Dibuje una puerta poligonal a través del área de dispersión hacia adelante, el diagrama de puntos del área de dispersión lateral para seleccionar la población de linfocitos intacta, excluyendo los desechos, y una puerta rectangular a través del área de dispersión hacia adelante, un diagrama de puntos de ancho de dispersión hacia adelante para seleccionar las celdas individuales. A continuación, dibuje una puerta rectangular a través del diagrama de puntos de área de dispersión del lado muerto vivo para seleccionar las celdas vivas, y una puerta rectangular a través del diagrama de puntos del área de dispersión lateral CD3 para identificar las tres células T positivas del CD. Luego, dibuje una puerta cuádruple a través del diagrama de puntos CD4, CD8 para identificar las células T CD4 positivas o CD8 positivas y a través del diagrama de puntos CD45RO, CD27 para subdividir las células T CD4 positivas o CD8 positivas en MTC y TEM.

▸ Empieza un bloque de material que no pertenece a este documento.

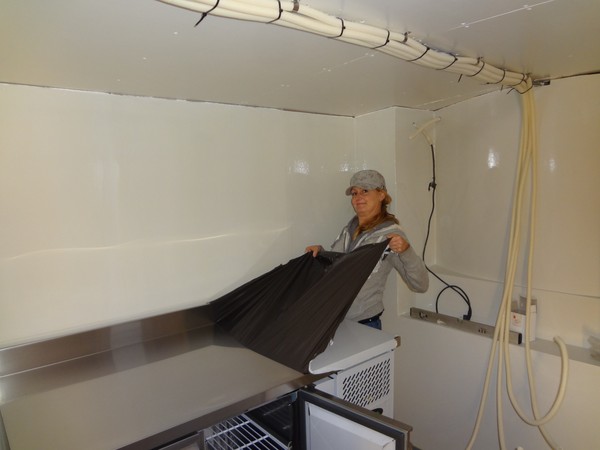 Annars så är det mesta rätt så upp och ner ombord. Vi har dåligt med lampor, så vi känner oss som mullvadar. Vi har inget kök, så vi känner oss som eremiter. Vi har en massa lukt ombord från plast och färg, så vi känner oss som skunkar. En dag när Helena träffade sin dotter så satte hon sin näsa i Helenas tröjärm med kommentaren -Men mamma, du stinker styrén!! Är det någon hon hatar så är det styréndoft och dessa små vita glasfiberstrån från mattorna.

Después de dibujar las puertas de CD107a, interferón gamma, factor de necrosis tumoral alfa, interleucina 2 y proteína inflamatoria de microfagos una alfa de la MTC o TEM de las células T CD8 positivas o CD4 positivas para determinar la frecuencia de diferentes patrones de respuesta respectivamente. Cargue las muestras en la citometría secuencialmente. La estrategia de compuerta se empleó para identificar la MTC o TEM de las células T CD8 positivas o CD4 positivas y sus subconjuntos utilizando el ancho del área de dispersión hacia adelante, luego el diagrama de puntos del área de dispersión lateral.

La caracterización polifuncional de las respuestas de células T CD4 positivas y CD8 positivas a JEV indicó que se detectaron niveles aumentados de CD107a, interferón gamma, factor de necrosis tumoral alfa e interleucina 2 en las células TCM CD8 positivas de los niños vacunados después de la estimulación JEV en comparación con aquellos en niños no vacunados. Sin embargo, el nivel de proteína inflamatoria de macrófagos uno alfa no difirió entre los dos grupos. Se detectaron niveles más altos de CD107a e interferón gamma en las células TEM CD8 positivas del grupo vacunado bajo estimulación JEV en comparación con el grupo no vacunado.

Mientras que el factor de necrosis tumoral alfa, la interleucina 2 y la proteína inflamatoria de macrófagos uno alfa, no estaban significativamente elevados en esas células positivas. El antígeno JEV indujo con éxito niveles más altos de CD107a, interferón gamma, factor de necrosis tumoral alfa y proteína inflamatoria de macrófagos uno alfa en las células CD4 positivas para la MTC del grupo vacunado en comparación con el grupo no vacunado. Sin embargo, la proporción de células positivas para interleucina 2 no difirió entre los dos grupos bajo estimulación JEV.

La proporción de subconjuntos CD107a positivos, interferón gamma positivos y factor de necrosis tumoral alfa positivo, células TEM sub CD4 positivas en el grupo vacunado fue mayor en presencia de JEV que en el grupo no vacunado. La inmunogenicidad de las células T de los estímulos y las estrategias de coincidencia de color compatibles son pasos críticos en este protocolo.